India increased fuel prices by 3% after the energy crisis caused by the Iran war and the closure of the Strait of Hormuz began impacting the economy. Prime Minister Modi urged the public to work from home, use public transport, and save energy for the nation.
On 15 May 2026 GMT+7, the Indian government announced a fuel price hike to offset the impact of energy supply shortages, raising prices by 3 Indian rupees per liter, approximately 1.30 baht. After the adjustment, gasoline costs 97.77 rupees per liter (about 41.80 baht), while diesel rose to 90.67 rupees per liter (around 38.80 baht).
India ranks as the world's third-largest oil importer, relying on imports for more than 90% of its oil, with about half of its crude oil transported through the Strait of Hormuz. This region is currently affected by the conflict involving the U.S., Israel, and Iran. Until now, the Indian government has tried to keep domestic fuel prices stable, making India one of the few major economies that has not passed global oil price increases directly to consumers.
Prime Minister Narendra Modi called on citizens to join the "Energy Saving for the Nation" initiative, requesting cooperation to work from home as much as possible, reduce foreign travel, cut gold purchases, and increase use of public transportation or carpooling.
Modi also stated that saving fuel is a patriotic act, while the opposition noted that the government decided to raise fuel prices only after key local elections had concluded.

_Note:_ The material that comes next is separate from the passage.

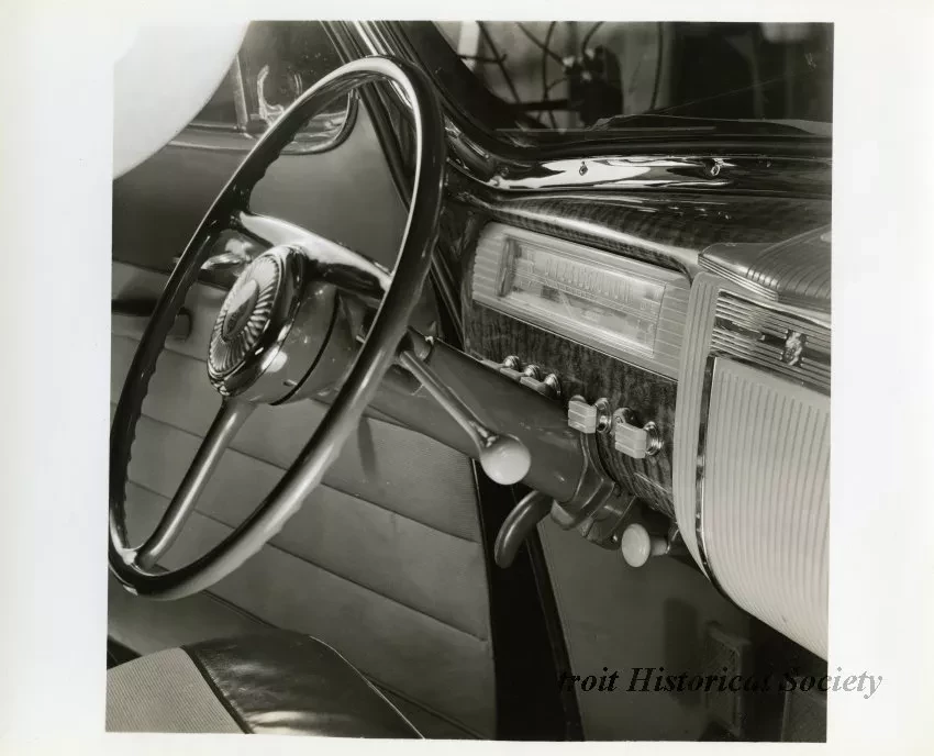 Request ImageBlack and white photograph of a close up shot of the left side of the dashboard of a Packard Motor Car Co. automobile.

New Delhi became the first city in India to implement energy-saving measures, requiring some civil servants to work from home two days a week, launching a 90-day campaign to reduce fuel use, and asking the private sector to join these efforts. Concurrently, India is accelerating the use of ethanol-blended fuels to reduce reliance on imported oil. Many gas stations now sell fuel blended with 20% ethanol, and the government is promoting fuels with up to 85% or 100% ethanol content for compatible vehicles.